From: Ricardo Wurmus
Subject: 06/08: gnu: Add r-factominer.
Date: Wed, 13 Jun 2018 05:51:36 -0400 (EDT)

rekado pushed a commit to branch master
in repository guix.

commit e83841a296ef7f25a4847aa0e02456bec774a461
Author: Ricardo Wurmus <address@hidden>
Date:   Wed Jun 13 11:40:17 2018 +0200

    gnu: Add r-factominer.
    
    * gnu/packages/cran.scm (r-factominer): New variable.
---
 gnu/packages/cran.scm | 34 ++++++++++++++++++++++++++++++++++
 1 file changed, 34 insertions(+)

diff --git a/gnu/packages/cran.scm b/gnu/packages/cran.scm
index 6bf278b..f3662ef 100644
--- a/gnu/packages/cran.scm
+++ b/gnu/packages/cran.scm
@@ -4316,3 +4316,37 @@ Analysis and its Applications.")

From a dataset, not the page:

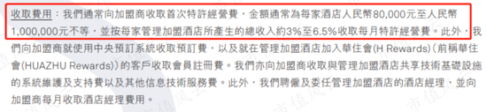 前期特许经营费通常按每间客房4000至6000元收取;持续特许经营和管理费用通常按每间加盟酒店总收入的5%至6%计算,按月度收取。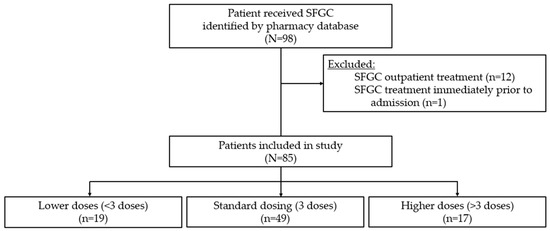 Quantitative data were expressed as mean ± standard deviation or median [25th, 75th percentile], depending on normality. Normality was assessed by looking at a histogram, using a Shapiro–Wilk p-value and reviewing the skewness and kurtosis of the data points. Categorical data were expressed as count (%). Patient outcomes and characteristics were described with the exposure variable of SFGC as a categorical variable. Descriptive hematologic values were presented as a whole sample, not considering a categorical or continuous variable. Quantitative descriptors and outcomes were compared between three dose groups using Kruskal–Wallis tests, as none of the variables met normality assumptions. Categorical descriptors and outcomes were compared between three dose groups using Chi-square, or if more than 20% of the expected cell counts were less than five, a Fisher’s exact test was used. Additionally, the exposure variable of SFGC was utilized as a continuous variable using Pearson’s correlation coefficient to detect correlations amongst various dependent variables. All statistical significance was assessed at p < 0.05. All statistical analyses for this project were completed using SAS Enterprise Guide Software, Version 7.1, SAS Institute Inc., Cary, NC, USA.

      "This package provides a fast implementation of hierarchical
 clustering.")
     (license license:gpl2+)))
+
+(define-public r-factominer
+  (package
+    (name "r-factominer")
+    (version "1.41")
+    (source
+     (origin
+       (method url-fetch)
+       (uri (cran-uri "FactoMineR" version))
+       (sha256
+        (base32
+         "1h20hydav6l2b7bngqw1av4l5rrh0wk58nhailga1f4qw9lrv259"))))

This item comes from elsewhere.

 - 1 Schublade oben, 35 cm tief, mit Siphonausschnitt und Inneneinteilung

+    (properties `((upstream-name . "FactoMineR")))
+    (build-system r-build-system)
+    (propagated-inputs
+     `(("r-car" ,r-car)
+       ("r-cluster" ,r-cluster)
+       ("r-ellipse" ,r-ellipse)
+       ("r-flashclust" ,r-flashclust)
+       ("r-lattice" ,r-lattice)
+       ("r-leaps" ,r-leaps)
+       ("r-mass" ,r-mass)
+       ("r-scatterplot3d" ,r-scatterplot3d)))
+    (home-page "http://factominer.free.fr";)

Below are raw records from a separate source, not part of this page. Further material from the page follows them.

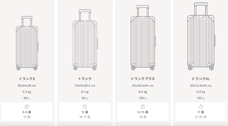旅行日数や目的に合ったサイズを選ぶことで、快適さが大きく変わります。RIMOWAはラインナップが豊富なため、用途に応じた選択が可能です。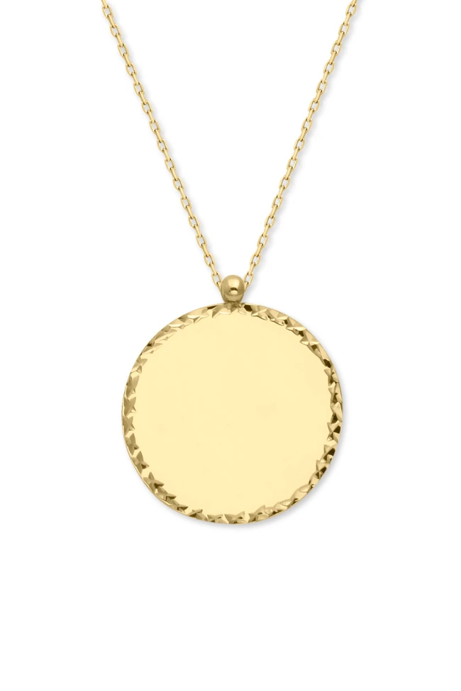 1.5 Cm boyutunda kenar kısmı kalem işlemeli yuvarlak plaka kolye ile ışıltınıza ve günlük stilinize renk katacak, farklı kolyelerinizle kombin olarak kullanmaya bayılacaksınız.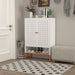 Grid Double Door Shoe Cabinet With Adjustable Compartments And Moisture-Proof Design In White Metal

+    (synopsis "Multivariate exploratory data analysis and data mining")
+    (description
+     "This package provides exploratory data analysis methods to summarize,
+visualize and describe datasets.  The main principal component methods are
+available, those with the largest potential in terms of applications:
+principal component analysis (PCA) when variables are quantitative,
+correspondence analysis (CA) and multiple correspondence analysis (MCA) when
+variables are categorical, Multiple Factor Analysis when variables are
+structured in groups, etc. and hierarchical cluster analysis.")
+    (license license:gpl2+)))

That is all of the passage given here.